NYS Writers Institute, Wednesday, November 12, 1997
4:00 p.m. Seminar | Recital Hall, Performing Arts Center
8:00 p.m. Reading | Page Hall, 135 Western Ave., Downtown Campus



Don DeLillo gained recognition and established himself as a brilliant writer with his debut novel Americana (1971) followed by End Zone (1972), a book ostensibly about football but in reality concerned with the growing corruption of language and life in America. Often tackling major milieus and events of American culture and portraying the chaos of society, DeLillo continued with the well-received novels Great Jones Street (19973) about the world of rock stars and the drug culture, Ratner's Star (1976), a science fiction novel, and Players (1977), where he takes on the subject of terrorism. In the 1977 review in Washington Post Book World on Players, reviewer William Kennedy called DeLillo "a spectacular talent, supremely witty and a natural story-teller."

Book1DeLillo's most recent works include Libra (1988), a novel which raises questions about the assassination of John F. Kennedy, Mao II (1991) which explores the relationship between terrorists and writers, and White Noise (1994)

"DeLillo has an ear for specialized language, and the satirical possibilities therein, that most novelists should be willing to kill for.. ." - Amanda Heller in Atlantic Monthly on Ratner's Star

"DeLillo's attention to detail is masterful. . .the wit, elegance and economy of Don DeLillo's art are equal to the bitter clarity of his perceptions." - Diane Johnson, New York Times Book Review on Players

". . .visionary novel and a major triumph of the imagination." - G. M. Knoll on End Zone


From The Paris Review, Fall 1993, No. 128
Paris Review: Tell me about the research you did for Libra.

Don DeLillo: There were several levels of research--fiction writer's research. I was looking for ghosts, not living people.

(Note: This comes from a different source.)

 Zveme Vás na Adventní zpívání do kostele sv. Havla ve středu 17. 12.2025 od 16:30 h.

I went to New Orleans, Dallas, Fort Worth and Miami and looked at houses and streets and hospitals, schools and libraries--this is mainly Oswald I'm tracking but others as well--and after a while the characters in my mind and in my notebooks came out into the world.

Then there were books, old magazines, old photographs, scientific reports, material printed by obscure presses, material my wife turned up from relatives in Texas. And a guy in Canada with a garage full of amazing stuff--audiotapes of Oswald talking on a radio program, audiotapes of his mother reading from his letters. And I looked at a film consisting of amateur footage shot in Dallas on the day of the assassination, crude powerful footage that included the Zapruder film. And there were times when I felt an eerie excitement, coming across an item that seemed to bear out my own theories. Anyone who enters this maze knows you have to become part scientist, novelist, biographer, historian and existential detective. The landscape was crawling with secrets, and this novel-in-progress was my own precious secret--I told very few people what I was doing.

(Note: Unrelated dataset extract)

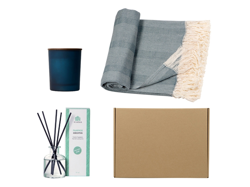 Подарочный набор с пледом, свечой и диффузором, синий

Then there was The Warren Report, which is the Oxford English Dictionary of the assassination and also the Joycean novel. This is one document that captures the full richness and madness and meaning of the event, despite the fact that it omits about a ton and a half of material. I'm not an obsessive researcher, and I think I read maybe half of The Warren Report, which totals twenty-six volumes. There are acres of FBI reports I barely touched. But for me the boring and meaningless stretches are part of the experience. This is what a life resembles in its starkest form--school records, lists of possessions, photographs of knotted string found in a kitchen drawer. It took seven seconds to kill the president, and we're still collecting evidence and sifting documents and finding people to talk to and working through the trivia. The trivia is exceptional. When I came across the dental records of Jack Ruby's mother I felt a surge of admiration. Did they really put this in? The testimony of witnesses was a great resource--period language, regional slang, the twisted syntax of Marguerite Oswald and others as a kind of improvised genius and the lives of trainmen and stripteasers and telephone clerks. I had to be practical about this, and so I resisted the urge to read everything.